# 67. Gto ws coded engine unit number



## ChiefGoatboy (Jan 28, 2016)

Hey guys,I have a 67 gto with a ws coded 360 hp motor, according to my billing history my engine unit number is WS5434. I have never seen one begin with letters, usually they are 6 numbers. The first 3 digits of the engine unit number are rusty & not visable, the 434 is visabe & the WS code below it. Any feedback so i can restamp the first 3 digits? The car was built in Fremont Ca. In may of 67. Thanks


----------



## Pinion head (Jan 3, 2015)

Am assuming PHS states your GTO was shipped originally to a dealer outside of the state of California...
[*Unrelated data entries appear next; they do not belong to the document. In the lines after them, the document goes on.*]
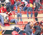 Derbi öncesi tribünlerde kavga çıktı. G.Saraylı taraftar polisle çatıştı, polis biber gazı kullandı, koltuklar kırıldı.
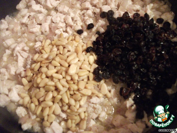 Лук мелко режем, пассеруем до прозрачности, добавляем мелко нарезанную грудку и чеснок, выдавленный прессом или тертый. Солим, перчим и пассеруем, пока мясо не приобретет белый цвет из розового.
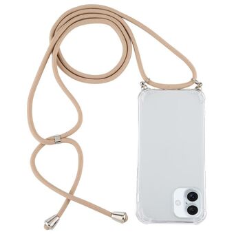 For iPhone 16 Four-Corner Shockproof Transparent TPU Case with Lanyard(Grey Yellow)
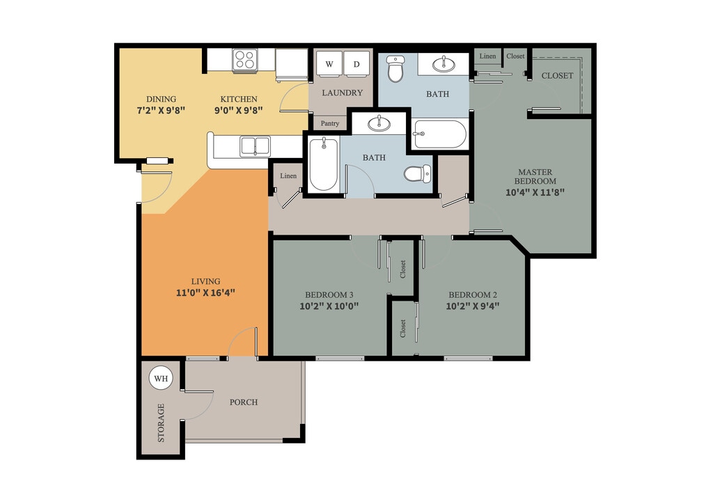 Modelo de apartamento: Three BedroomDesde $5423 Dormitorios, 2 Baños, 1136 sq ftDisponible AhoraPlanosFotos![]()

On the first few digits of the assembly number, the only way a '67 restorer could nail down what range of numbers would be "correct" (but not original born with) is to spend a ton of time surveying other known original WS built '67 GTO's out of the Fremont plant built around the same time of model year. One could also look at other original WS engines, thats blocks were cast very close to the date of your '67 WS block. Personally, I'd leave the number on the block alone, stamping or Pontiac blocks usually just stirs up a hornets nest.


----------



## ChiefGoatboy (Jan 28, 2016)

Yes it was shipped to a dealer in Salt Lake City Utah. I agree with you on restamping & the hornets nest. I will take your advise & leave it alone, I guess I was just looking for that near perfect resto. Thank you Pinion head, I appreciate the feed back. I must say I'm still curious to why my Phs billing sheet would say my 6 digit engine unit # would start with 2 letters, but leaving it be. Thank you!


----------



## Pinion head (Jan 3, 2015)

The two letter code and the last 4 digits of the assemby number seem to be fairly standard on the '67 billing cards. Will have to look at old PHS copies I have for '67 GTO's . a good friend and I zeroxed off all we had on '67's a few winters ago.


----------



## ChiefGoatboy (Jan 28, 2016)

Thanks again, I really appreciate the feedback.


----------



## 1badcat (Mar 7, 2016)

Recently joined the forum and noticed the post from a month ago about unit #'s, and I have the billing history on 2 '67s. One is for a WS H/O conv., invoice date 4-28-67, engine #530076 . The other one is for an XS Ram Air hardtop with a 12-2-66 invoice date, and an engine unit # of 221002. I don't know if any of this will help you out. Conv. built in Baltimore, hardtop built in Pontiac. I also have a '67 WS block and a YS block- and I believe 2 '67 400 Catalina blocks- can't remember (comes with old age!) for sure how many Cat. blocks without looking.I can check the date code and unit #'s if it would help you out.


----------



## ChiefGoatboy (Jan 28, 2016)

Thank you 1badcat, I would really appreciate if you could get me those dates & engine unit numbers.


----------



## 1967GTO_AL (Apr 30, 2015)

I've owned several '67 GTO's including a WS convertible and a XS hardtop currently in my garage. The billing history that PHS sends is a great source of information about your car, that's a given. I have seen the engine unit numbers typed in differently on many of the '67 build sheets. Some have just all 6 digits typed in the EUN area while others have the two letter code and the last 4 of the 6. I'm guessing there wasn't enough room to have typed the two letter code and the full 6 digits. Considering your billing history shows WS5434 and the 434 is visible on your WS block, then I'd be confident enough to say that your block is original to your car.


----------